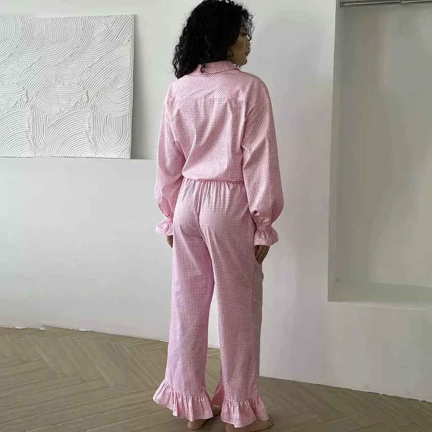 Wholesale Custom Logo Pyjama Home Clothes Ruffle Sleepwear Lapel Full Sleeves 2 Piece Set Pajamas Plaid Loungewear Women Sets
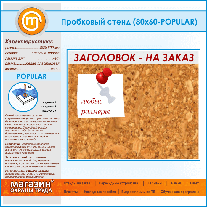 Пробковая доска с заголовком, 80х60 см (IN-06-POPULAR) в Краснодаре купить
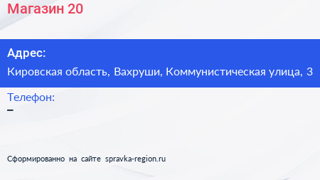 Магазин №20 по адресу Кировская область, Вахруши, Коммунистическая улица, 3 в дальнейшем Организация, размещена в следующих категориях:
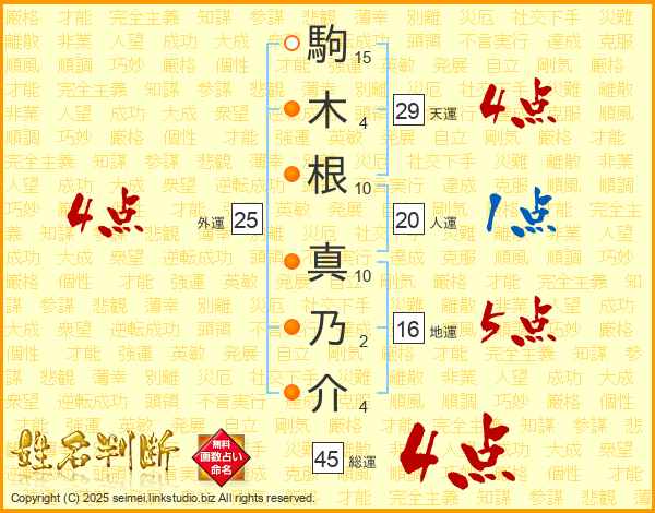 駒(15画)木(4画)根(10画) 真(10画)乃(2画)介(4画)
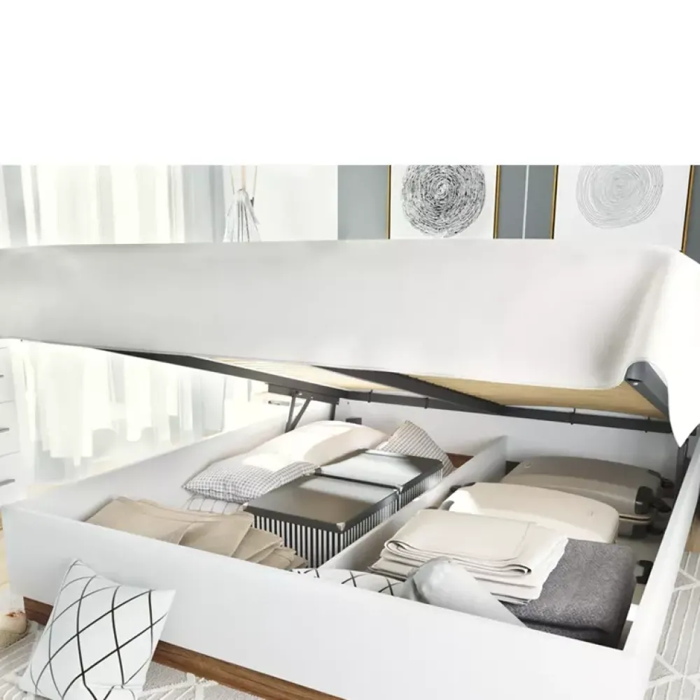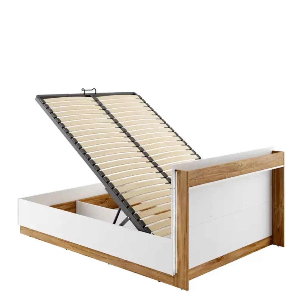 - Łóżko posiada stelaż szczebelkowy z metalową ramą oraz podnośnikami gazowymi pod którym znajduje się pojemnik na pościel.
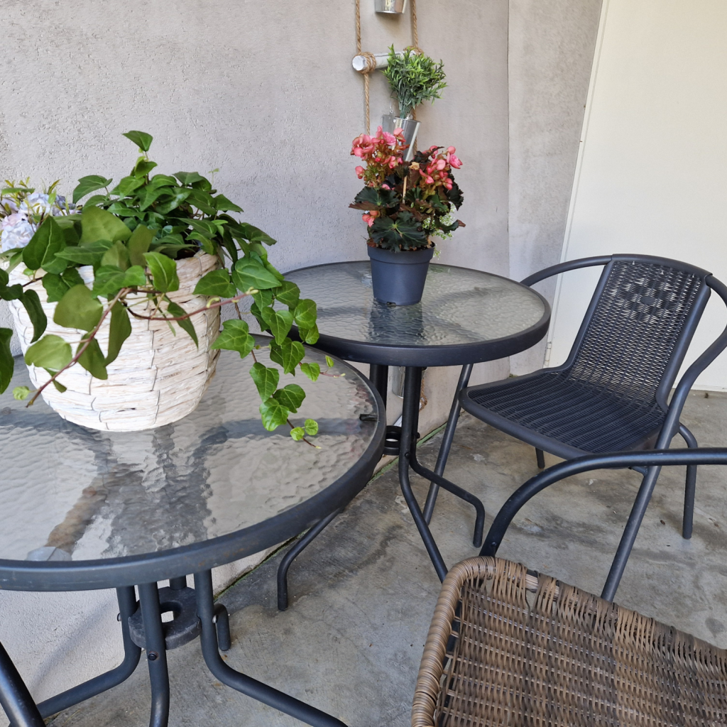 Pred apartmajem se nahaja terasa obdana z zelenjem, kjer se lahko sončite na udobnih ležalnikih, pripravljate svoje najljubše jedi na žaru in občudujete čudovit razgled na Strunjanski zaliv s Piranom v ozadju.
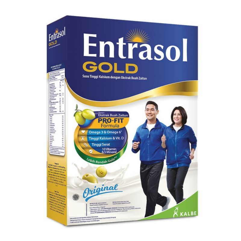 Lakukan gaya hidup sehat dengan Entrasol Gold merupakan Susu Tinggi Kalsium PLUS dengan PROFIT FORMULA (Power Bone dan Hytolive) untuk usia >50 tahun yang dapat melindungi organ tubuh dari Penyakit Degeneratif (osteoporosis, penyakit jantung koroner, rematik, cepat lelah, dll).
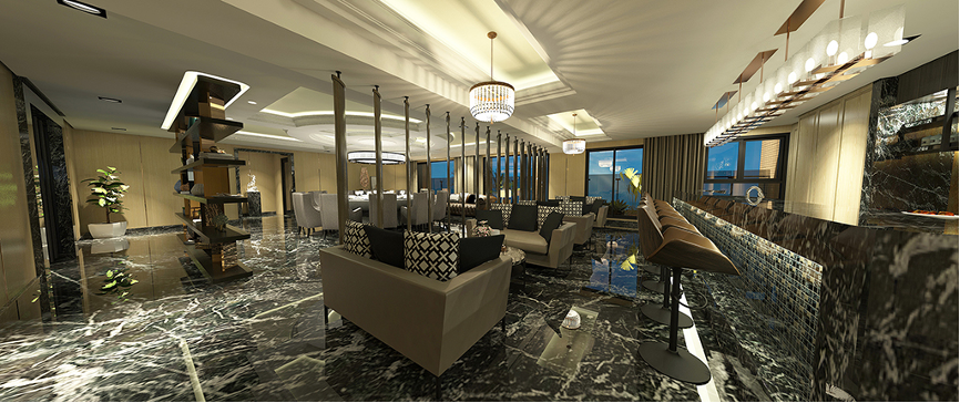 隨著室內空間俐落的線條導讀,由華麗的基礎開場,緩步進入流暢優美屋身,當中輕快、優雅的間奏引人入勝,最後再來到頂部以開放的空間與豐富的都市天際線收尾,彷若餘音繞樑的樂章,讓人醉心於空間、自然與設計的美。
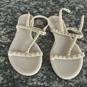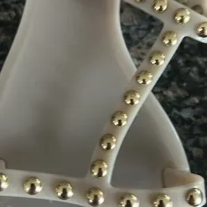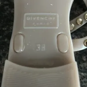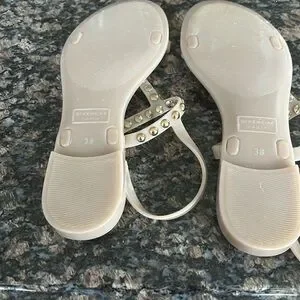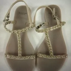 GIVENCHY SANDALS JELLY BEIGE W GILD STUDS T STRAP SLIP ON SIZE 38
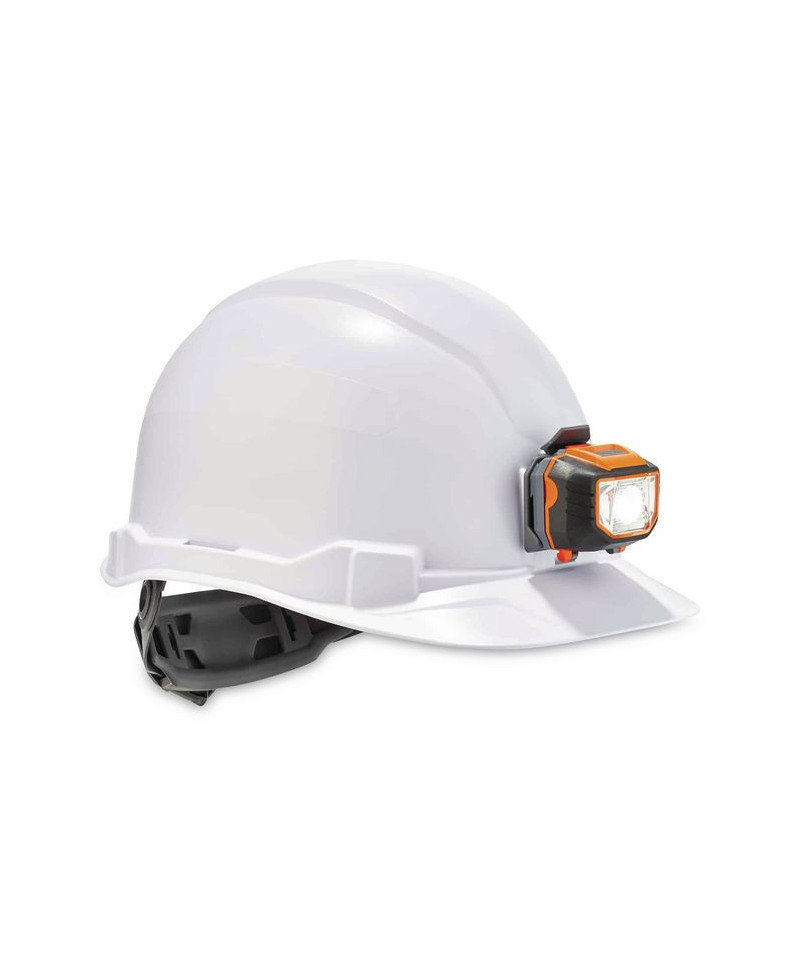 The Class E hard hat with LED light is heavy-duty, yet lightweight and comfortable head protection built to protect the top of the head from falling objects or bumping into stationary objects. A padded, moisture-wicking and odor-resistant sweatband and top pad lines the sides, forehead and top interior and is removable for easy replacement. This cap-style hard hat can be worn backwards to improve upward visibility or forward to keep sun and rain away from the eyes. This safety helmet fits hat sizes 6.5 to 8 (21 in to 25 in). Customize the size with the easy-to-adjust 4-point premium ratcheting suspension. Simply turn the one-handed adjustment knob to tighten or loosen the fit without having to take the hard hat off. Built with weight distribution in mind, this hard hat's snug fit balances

════════════════════

◆ YOUR ASSIGNMENT ◆
Make a word-for-word copy of the records above, excluding all pictures.

◆ SOLUTION TO THIS EXERCISE ◆
 Wholesale Custom Logo Pyjama Home Clothes Ruffle Sleepwear Lapel Full Sleeves 2 Piece Set Pajamas Plaid Loungewear Women Sets
 Пробковая доска с заголовком, 80х60 см (IN-06-POPULAR) в Краснодаре купить
 Магазин №20 по адресу Кировская область, Вахруши, Коммунистическая улица, 3 в дальнейшем Организация, размещена в следующих категориях:
 駒(15画)木(4画)根(10画) 真(10画)乃(2画)介(4画)
 - Łóżko posiada stelaż szczebelkowy z metalową ramą oraz podnośnikami gazowymi pod którym znajduje się pojemnik na pościel.
 Pred apartmajem se nahaja terasa obdana z zelenjem, kjer se lahko sončite na udobnih ležalnikih, pripravljate svoje najljubše jedi na žaru in občudujete čudovit razgled na Strunjanski zaliv s Piranom v ozadju.
 Lakukan gaya hidup sehat dengan Entrasol Gold merupakan Susu Tinggi Kalsium PLUS dengan PROFIT FORMULA (Power Bone dan Hytolive) untuk usia >50 tahun yang dapat melindungi organ tubuh dari Penyakit Degeneratif (osteoporosis, penyakit jantung koroner, rematik, cepat lelah, dll).
 隨著室內空間俐落的線條導讀,由華麗的基礎開場,緩步進入流暢優美屋身,當中輕快、優雅的間奏引人入勝,最後再來到頂部以開放的空間與豐富的都市天際線收尾,彷若餘音繞樑的樂章,讓人醉心於空間、自然與設計的美。
 GIVENCHY SANDALS JELLY BEIGE W GILD STUDS T STRAP SLIP ON SIZE 38
 The Class E hard hat with LED light is heavy-duty, yet lightweight and comfortable head protection built to protect the top of the head from falling objects or bumping into stationary objects. A padded, moisture-wicking and odor-resistant sweatband and top pad lines the sides, forehead and top interior and is removable for easy replacement. This cap-style hard hat can be worn backwards to improve upward visibility or forward to keep sun and rain away from the eyes. This safety helmet fits hat sizes 6.5 to 8 (21 in to 25 in). Customize the size with the easy-to-adjust 4-point premium ratcheting suspension. Simply turn the one-handed adjustment knob to tighten or loosen the fit without having to take the hard hat off. Built with weight distribution in mind, this hard hat's snug fit balances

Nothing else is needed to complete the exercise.